■ The problem ■
Without the pictures, can you quote each line below exactly?

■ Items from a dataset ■
■ ■ ■ ■ ■ ■ ■
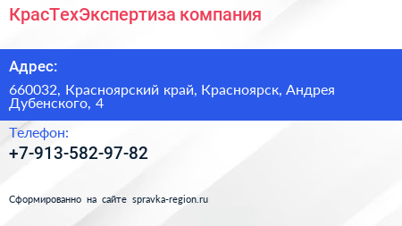 КрасТехЭкспертиза, компания по адресу 660032, Красноярский край, Красноярск, Андрея Дубенского, 4 в дальнейшем Организация, размещена в следующих категориях:
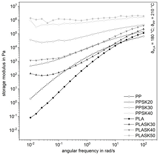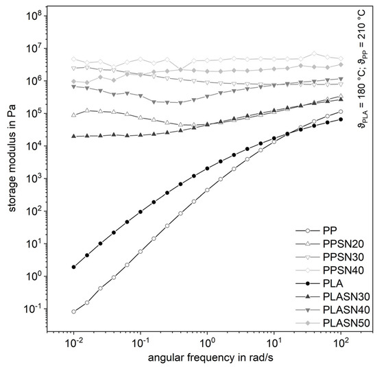 The behavior for the storage modulus in Figure 5 is even more obvious. It can be seen that the course of the storage modulus of the plastic melts with increasing filler content is independent of the angular frequency, which corresponds to the behavior of a solid. These courses can be determined equally for the two plastics. If the change in the storage modulus for low shear rates approaches zero, this indicates the formation of an internal network in the plastic [23,24]. It can, therefore, be stated that there is a formation of an inner structure in the plastic.
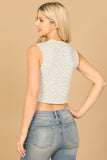 CREW NECK SLEEVELESS LEOPARD CROP TOP
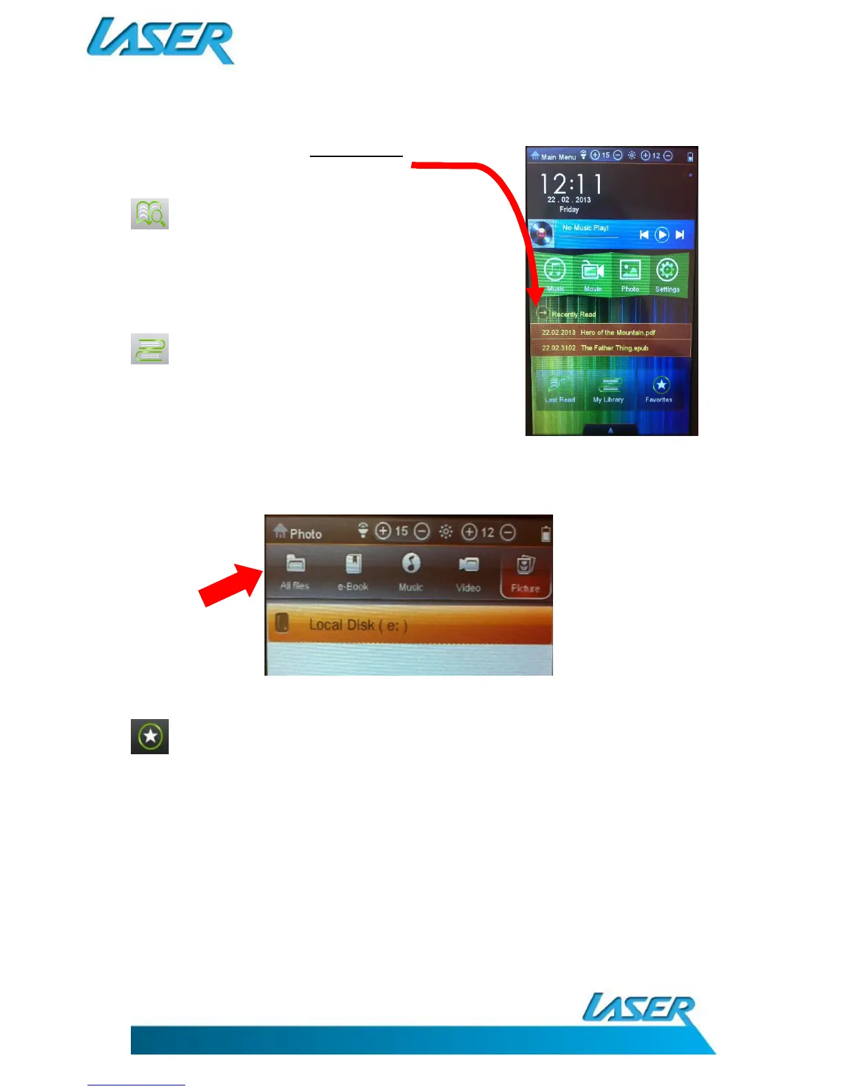 FAVOURITES Tap this icon to enter into your favourite books
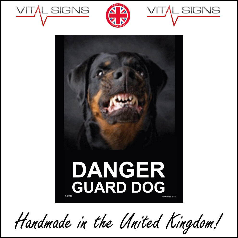(150 x 200mm - 6 x 8, 1mm Pvc Foamex) SE035 Danger Guard Dog SIGN watch defend property attack growl intruder alarm
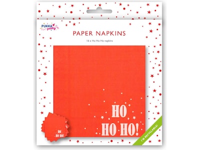 Pukka Party Ho Ho Ho! Christmas Paper Napkins, Red, 16/Pack (PTY555)
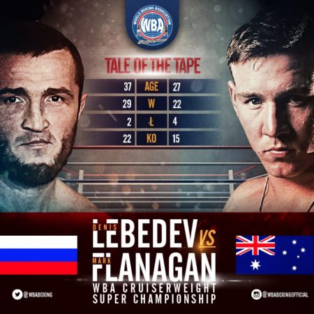 The World Boxing Association Cruiserweight super champion, Russian Dennis Lebedev (29-2, 22 KO) and his challenger, Australian Mark Flanagan (22-4, 15KO) complied with the weigh in ceremony for their fight next Sunday in Ekaterimburg, Russia.
■ ■ ■ ■ ■ ■ ■
■ Output of the exercise ■
 КрасТехЭкспертиза, компания по адресу 660032, Красноярский край, Красноярск, Андрея Дубенского, 4 в дальнейшем Организация, размещена в следующих категориях:
 The behavior for the storage modulus in Figure 5 is even more obvious. It can be seen that the course of the storage modulus of the plastic melts with increasing filler content is independent of the angular frequency, which corresponds to the behavior of a solid. These courses can be determined equally for the two plastics. If the change in the storage modulus for low shear rates approaches zero, this indicates the formation of an internal network in the plastic [23,24]. It can, therefore, be stated that there is a formation of an inner structure in the plastic.
 CREW NECK SLEEVELESS LEOPARD CROP TOP
 FAVOURITES Tap this icon to enter into your favourite books
(150 x 200mm - 6 x 8, 1mm Pvc Foamex) SE035 Danger Guard Dog SIGN watch defend property attack growl intruder alarm
 Pukka Party Ho Ho Ho! Christmas Paper Napkins, Red, 16/Pack (PTY555)
 The World Boxing Association Cruiserweight super champion, Russian Dennis Lebedev (29-2, 22 KO) and his challenger, Australian Mark Flanagan (22-4, 15KO) complied with the weigh in ceremony for their fight next Sunday in Ekaterimburg, Russia.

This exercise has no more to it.